Depuis trois décennies et dans tous les forums multilatéraux consacrés au développement économique et social de l’humanité, nous étions parvenus en dépit de vicissitudes diverses, aux consensus qui s’imposaient pour apporter les réponses pertinentes aux fléaux du sous-développement.
Des progrès ont certes été réalisés dans un certain nombre de domaines mais force est de constater que le chemin à parcourir demeure long et fastidieux.
L’écart entre les populations riches et les populations les plus pauvres continue de se creuser inexorablement. Le poids de la dette continue d’absorber des ressources ô combien précieuses dans le financement des programmes destinés non pas à promouvoir la croissance économique, mais à assurer tout simplement la survie de populations de plus en plus vulnérables. Plusieurs autres indicateurs pourraient être cités pour appuyer ce constat sans appel qui caractérise aujourd’hui le monde en développement.
Pourtant, personne n’a remis en cause les principes de l’interdépendance, de la solidarité et du partage du fardeau du sous-développement. Personne n’ignore les dangers pour la paix et la sécurité que représentent l’exclusion et le désespoir.

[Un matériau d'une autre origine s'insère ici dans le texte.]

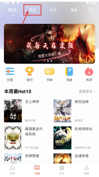 在书城页面,点击男生分类标签,即可进入男生分类小说列表页面。
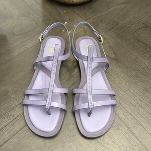 A lightly cushioned footbed adds extra comfort to a strappy sandal that's both breezy and sophisticated.
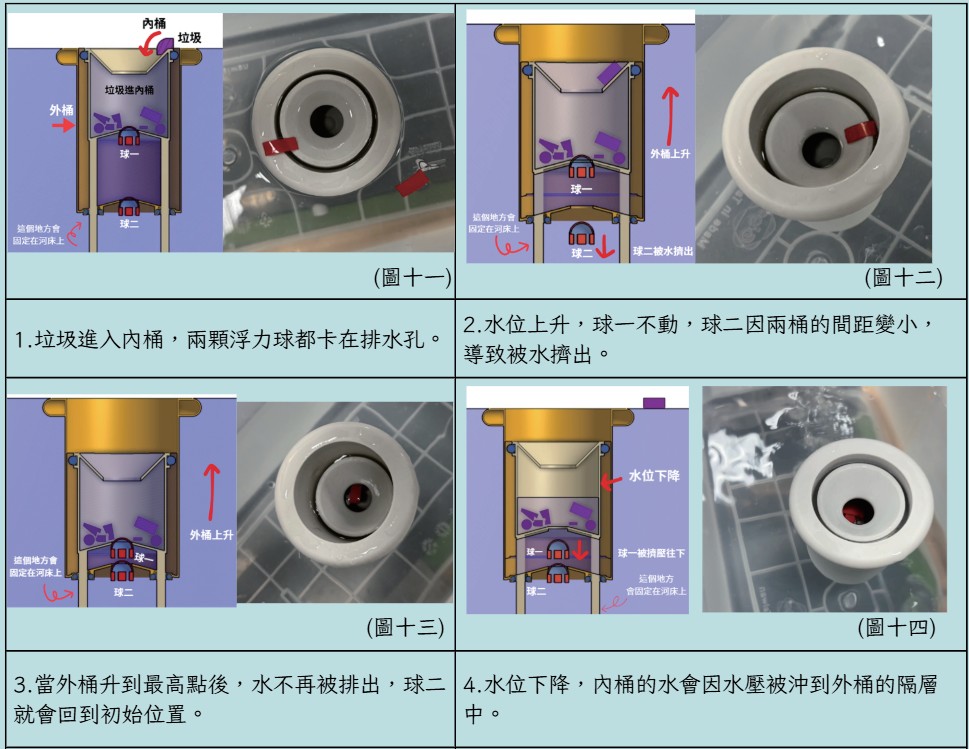 本作品突破傳統需用電的收集裝置,利用自然水波自動運作,實現「無電力驅動」的新概念。藉由內外桶設計與防倒流凹槽,不受水流方向限制,能自動收集漂浮垃圾並維持穩定浮力。

Comment dès lors expliquer, à titre d’exemple, que l’engagement d’affecter 0,7 % du PIB à l’aide au développement n’ait jamais été rempli ? La baisse continue du niveau de l’aide publique au développement signifie-t-elle une remise en cause de cet engagement où que l’objectif tant de fois confirmé manque en réalité de pertinence ?

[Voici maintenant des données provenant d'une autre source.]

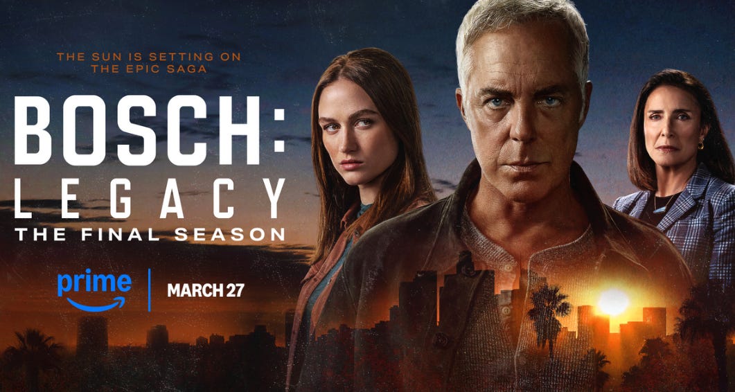 Prime Video has released the trailer and key artwork for its hit series Bosch: Legacy, which will return for its third and final season on March 27, with ten episodes exclusively available on Prime Video across more than 240 countries and territories worldwide. Four episodes will be released on Thursday, March 27, followed by two new episodes each week until the series finale on April 17. The series follows Harry Bosch (Titus Welliver), a retired LAPD homicide detective turned private investigator; Honey “Money” Chandler (Mimi Rogers), an attorney struggling to keep her faith in the justice system; and Maddie Bosch (Madison Lintz), as she faces the challenges of being a patrol cop on the streets of Los Angeles.

Comment comprendre et admettre le maintien de dispositifs à caractère protectionniste qui frappent les biens et services pour lesquels les pays en voie de développement ont clairement un avantage compétitif au moment où notre objectif commun est de bâtir un système commercial équitable ? Comment est-il possible d’accélérer la croissance des pays pauvres sans l’amélioration substantielle de l’accès aux marchés mondiaux et sans une évaluation adéquate de l’efficacité réelle des mesures préférentielles unilatérales ?
Comment s’étonner, au moment où tout le monde admet que le développement économique est intimement lié au développement humain, que de fortes pressions migratoires ne s’exercent sur le marché mondial de l’emploi ?
Comment expliquer l’attitude frileuse adoptée dans le traitement d’une question aussi cruciale que la dette lorsque l’on sait que son service est en soi un frein au développement et que les faibles flux d’investissements étrangers directs ne sauraient en atténuer les effets négatifs ?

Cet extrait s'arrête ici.